Each time a line of the listing holds "Dual", copy that line.

*DATA FOR THIS TASK:*
* * * *

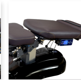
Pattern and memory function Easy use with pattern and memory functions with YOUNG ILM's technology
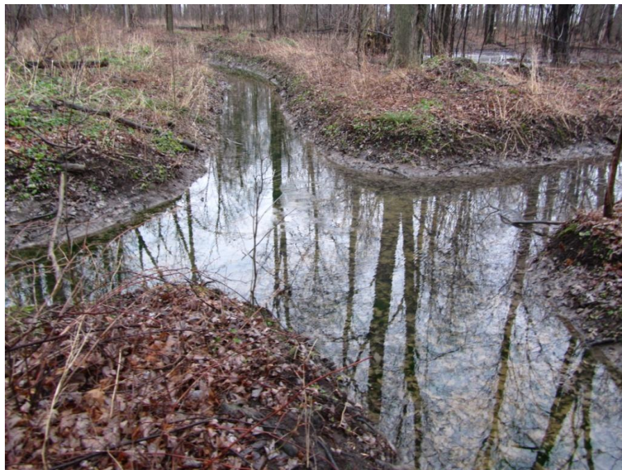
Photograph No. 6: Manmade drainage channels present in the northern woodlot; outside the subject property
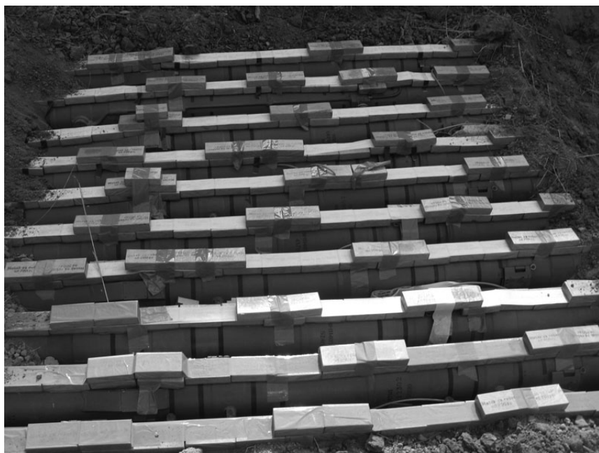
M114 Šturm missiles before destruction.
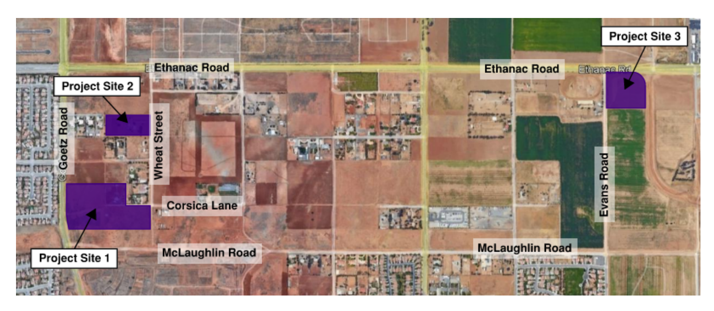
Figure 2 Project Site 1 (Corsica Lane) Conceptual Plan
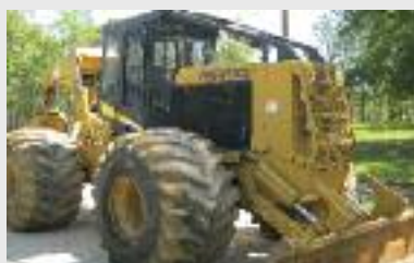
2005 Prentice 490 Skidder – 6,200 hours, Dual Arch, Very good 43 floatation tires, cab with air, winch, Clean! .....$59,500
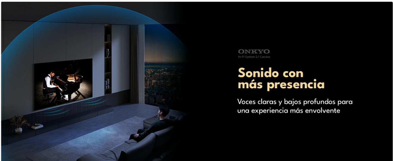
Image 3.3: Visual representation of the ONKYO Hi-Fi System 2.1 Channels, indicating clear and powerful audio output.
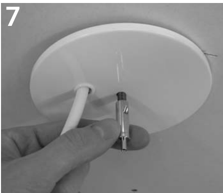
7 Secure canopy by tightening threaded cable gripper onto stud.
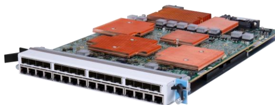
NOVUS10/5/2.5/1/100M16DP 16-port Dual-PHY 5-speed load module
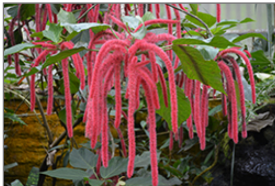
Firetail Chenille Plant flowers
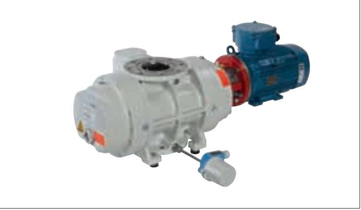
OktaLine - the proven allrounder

* * * *

*WRITTEN RESPONSE:*
2005 Prentice 490 Skidder – 6,200 hours, Dual Arch, Very good 43 floatation tires, cab with air, winch, Clean! .....$59,500
NOVUS10/5/2.5/1/100M16DP 16-port Dual-PHY 5-speed load module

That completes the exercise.